Your assignment
For this listing, reproduce the line with "Nhà cửa & Đời", the line with "Unidade do Governo", and the lines between, exactly as they stand. Leave out pictures and all other lines.

Provided data
__________________________________________________

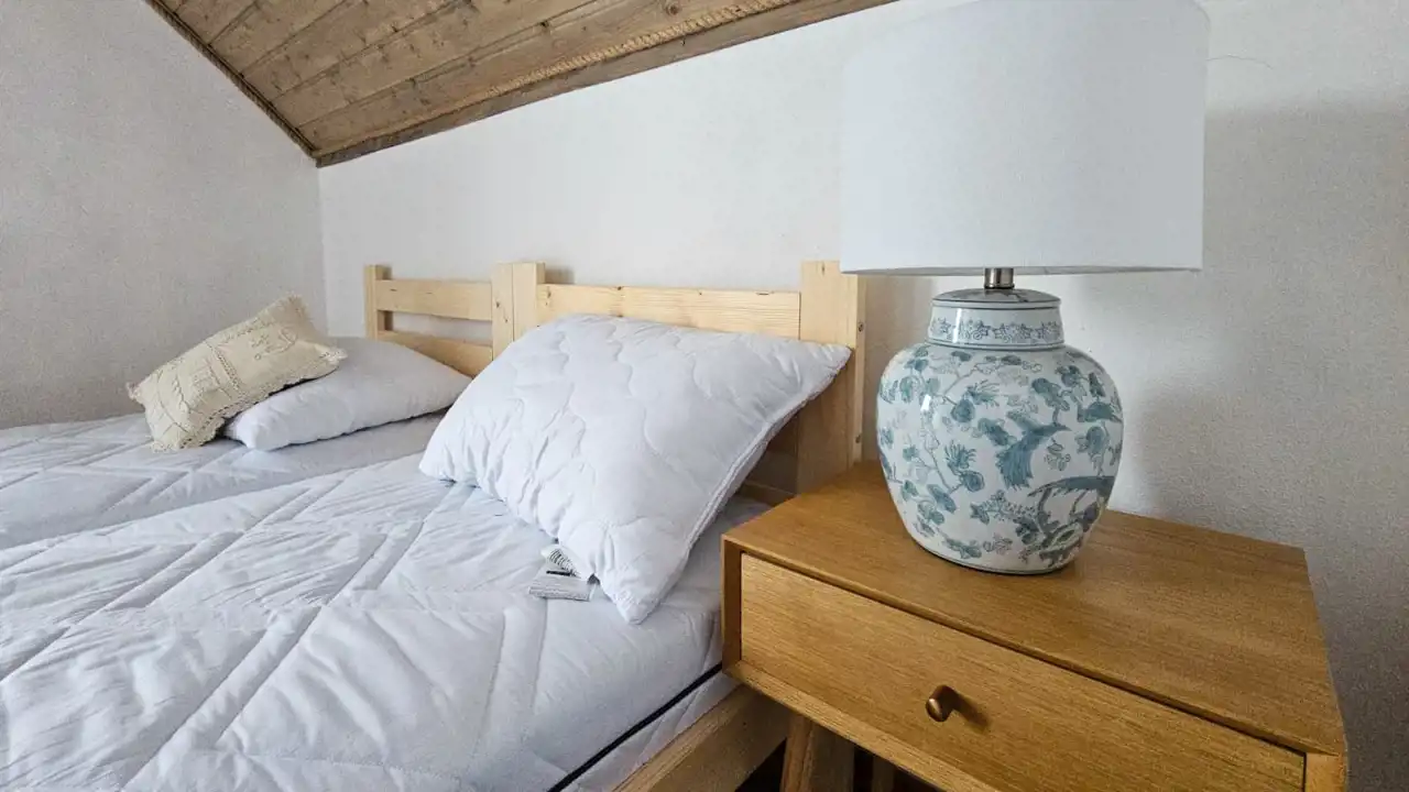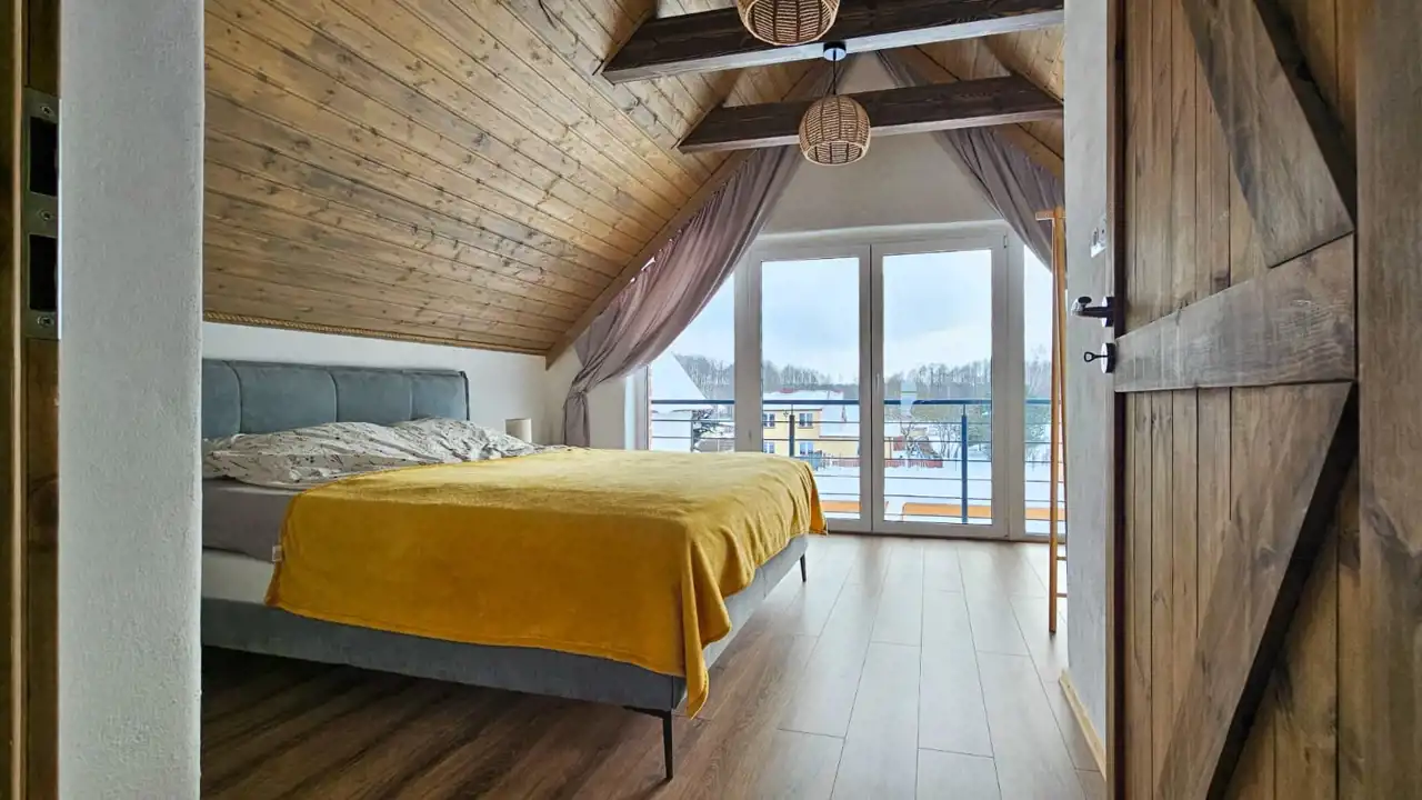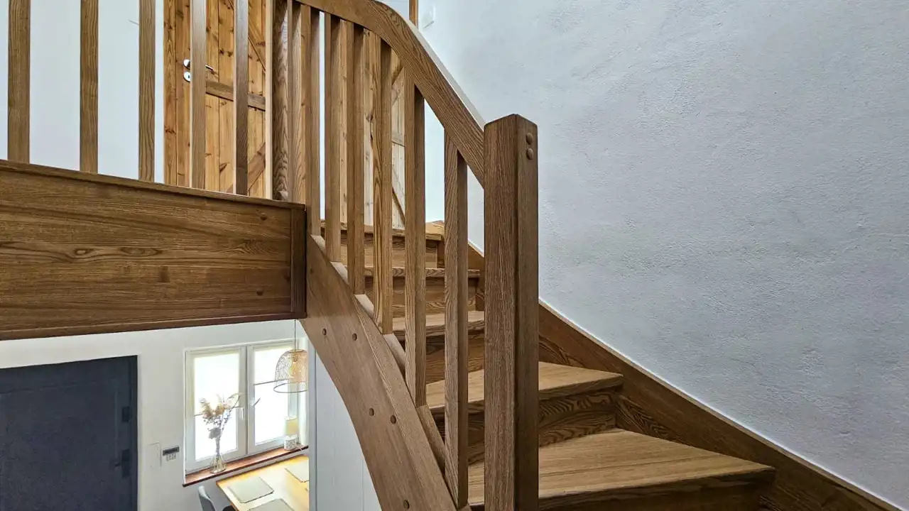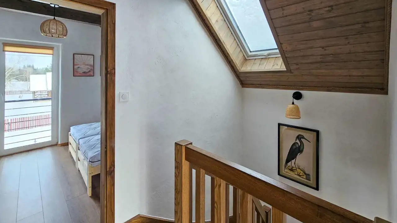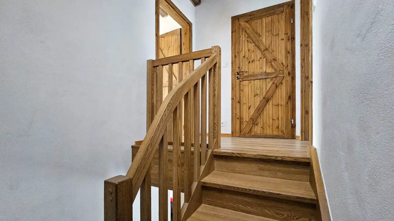 Na poddasze prowadzą solidne, zabudowane schody z drewna jesionowego.
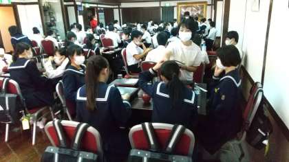 3年生は昼食会場に到着し、今から昼食です。しっかり食べて午後からもがんばりましょう。
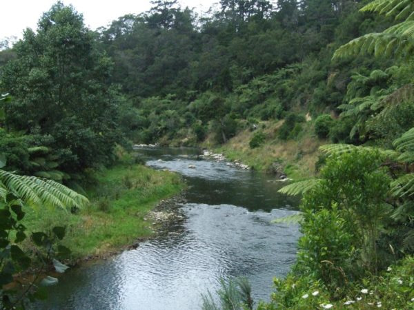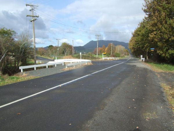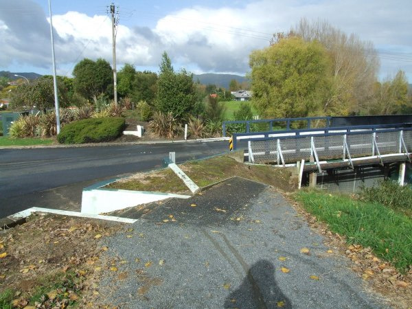 10Mt from the end of the bridge, on your right is the Hauraki Rail Trail to Te Aroha.
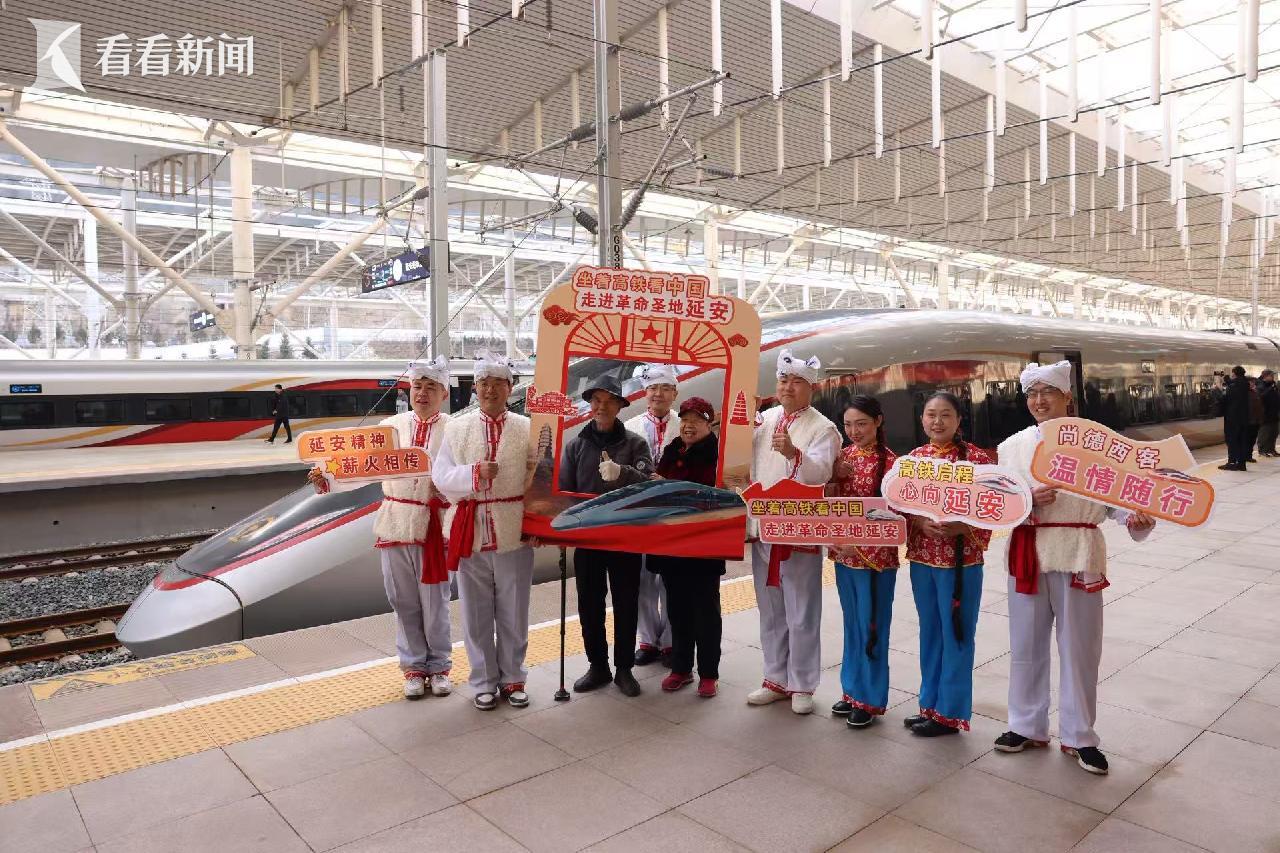 早上10点整,西延高铁C9312缓缓驶出西安北站。列车上洋溢着喜庆的气氛,车窗玻璃上贴着陕北剪纸、陕北二人转和安塞腰鼓响彻车厢。
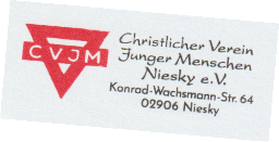 Unser CVJM in Niesky hat 17 Mitglieder und wurde am 16. Juni 1991 gegründet. Wir treffen uns jährlich zu einer Familienfreizeit und halten Kontakt untereinander. Unsere Mitglieder engagieren sich zudem in ihren Kirchengemeinden und in der überörtlichen christlichen Jugendarbeit. Der Vereinsvorstand verantwortet die Arbeit des Schülerclubs mit den zwei in Teilzeit beschäftigten Mitarbeiterinnen. Aus der Gemeinschaft im Verein erwächst Freude an der Arbeit und gegenseitige Unterstützung, den Glauben im Alltag zu leben.
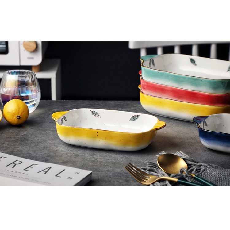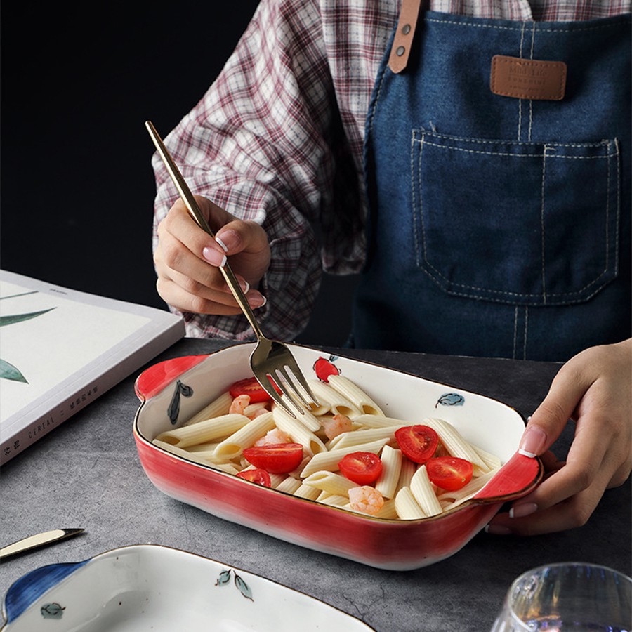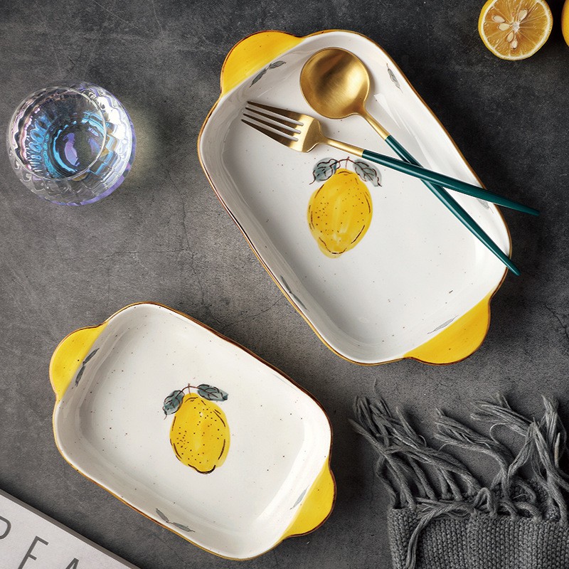 Nhà cửa & Đời sống > Bộ đồ bàn ăn > Dĩa || Bát sứ, thố nướng chữ nhật có quai cầm họa tiết hoa quả cực xinh- 2 dung tíchCòn hàng
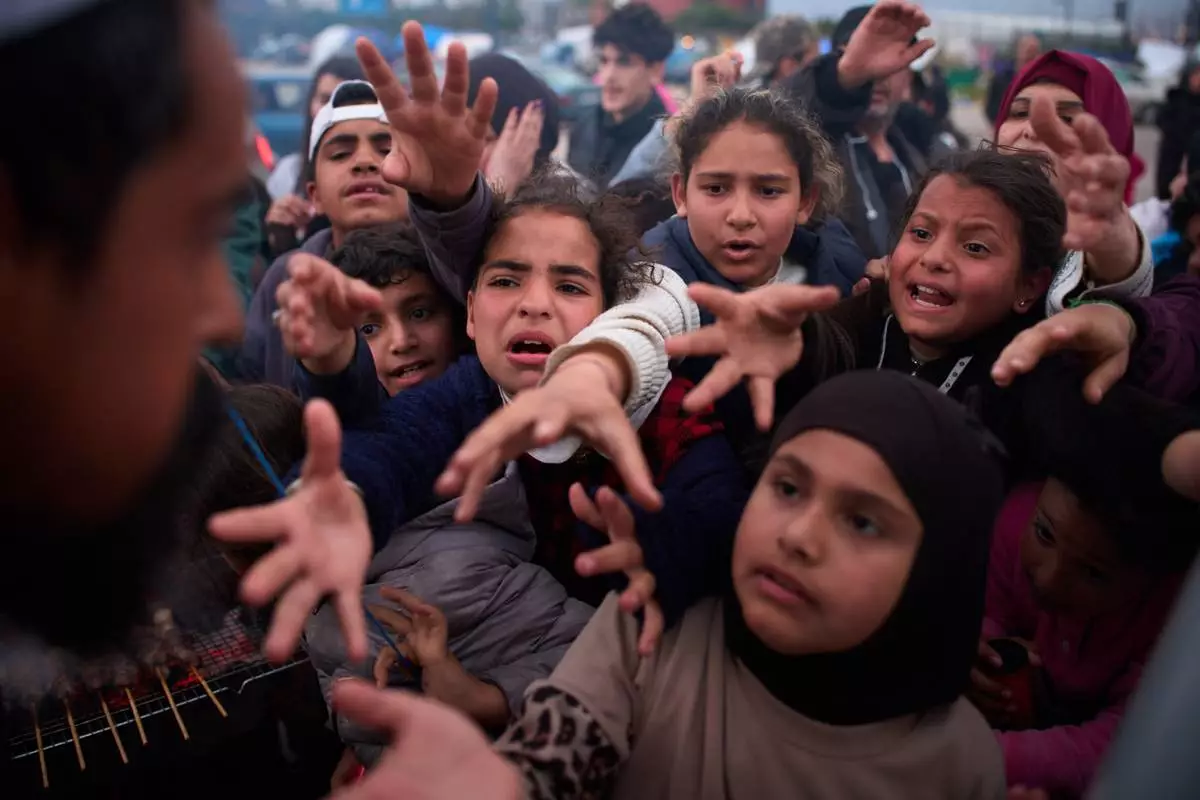 Displaced families extend their hands while waiting for donated food beside the tents they use as shelters after fleeing Israeli bombardment in southern Lebanon, in Beirut, Lebanon, Thursday, April 9, 2026. (AP Photo/Emilio Morenatti)
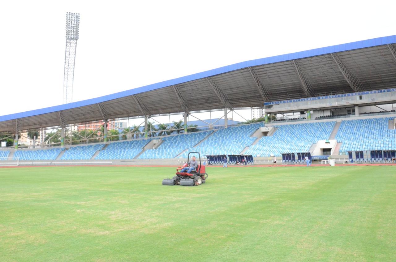 Unidade do Governo de Goiás, administrada pela Secretaria de Esporte e Lazer (Seel), o Estádio Olímpico Pedro Ludovico Teixeira, em Goiânia, passa por manutenção e revitalização do gramado para receber partidas do Campeonato Goiano de Profissionais da 1ª Divisão.
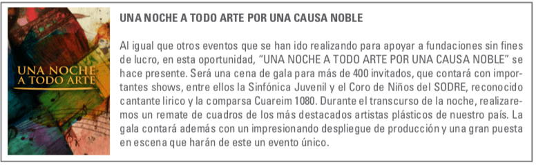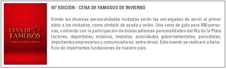 Entre sus eventos anuales, no destaca ninguno en particular, tratando a todos con igual pasión y dedicación. Eventos como «La Cena de Famosos» (Ver además: Herrera Producciones: otra nueva edición de la cena Montevideana más famosa del año) y «La Mujer del Año» se han convertido en clásicos en Uruguay, debido a su permanencia y al reconocimiento que brindan a contribuciones significativas en distintos ámbitos.
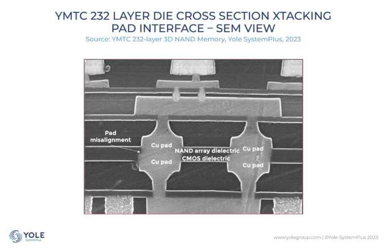 此前,国外行业研究机构yolegroup对长江存储的232层闪存颗粒进行了拆解分析。他们发现,长江存储的颗粒采用了双层设计,即通过Xtacking技术,将双层晶圆叠放在一起。这样做虽然有良率低、成本高的问题,但却绕过了对被限制的先进工艺、工具的依赖。
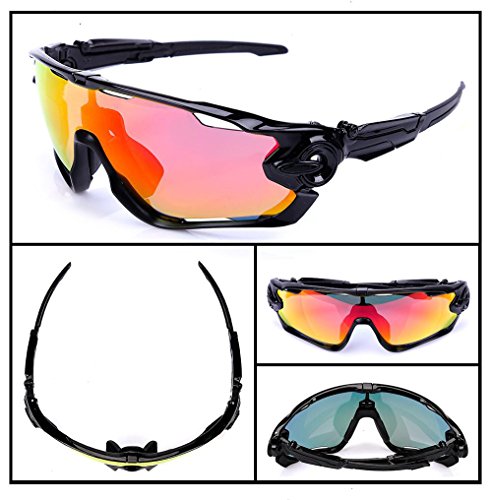 | Polarized Sports Sunglasses with 2 Interchangeable Lenses for Men Road Mountain Cycling Biking ... |
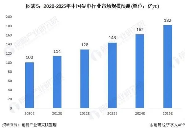 另一方面,2019年底全國疫情的爆發(fā)極大地刺激了濕巾的消費需求。2020年1-5月,阿里濕巾線上銷售額均在1億元左右,2020年4月銷售額更是高達1.32億元,2020年2月環(huán)比增速達到113.63%。此次“新冠疫情”較2003年非典更加嚴重,進一步激化了國人對衛(wèi)生健康的關(guān)注。同時,隨著我國經(jīng)濟積極向好,居民消費能力及意愿不斷提升,企業(yè)不斷探索制造多元化的濕巾,后疫情時代我國濕巾行業(yè)發(fā)展前景更為明朗,預(yù)計2025年市場規(guī)模有望達到182億元。

__________________________________________________

Written answer
 Nhà cửa & Đời sống > Bộ đồ bàn ăn > Dĩa || Bát sứ, thố nướng chữ nhật có quai cầm họa tiết hoa quả cực xinh- 2 dung tíchCòn hàng
 Displaced families extend their hands while waiting for donated food beside the tents they use as shelters after fleeing Israeli bombardment in southern Lebanon, in Beirut, Lebanon, Thursday, April 9, 2026. (AP Photo/Emilio Morenatti)
 Unidade do Governo de Goiás, administrada pela Secretaria de Esporte e Lazer (Seel), o Estádio Olímpico Pedro Ludovico Teixeira, em Goiânia, passa por manutenção e revitalização do gramado para receber partidas do Campeonato Goiano de Profissionais da 1ª Divisão.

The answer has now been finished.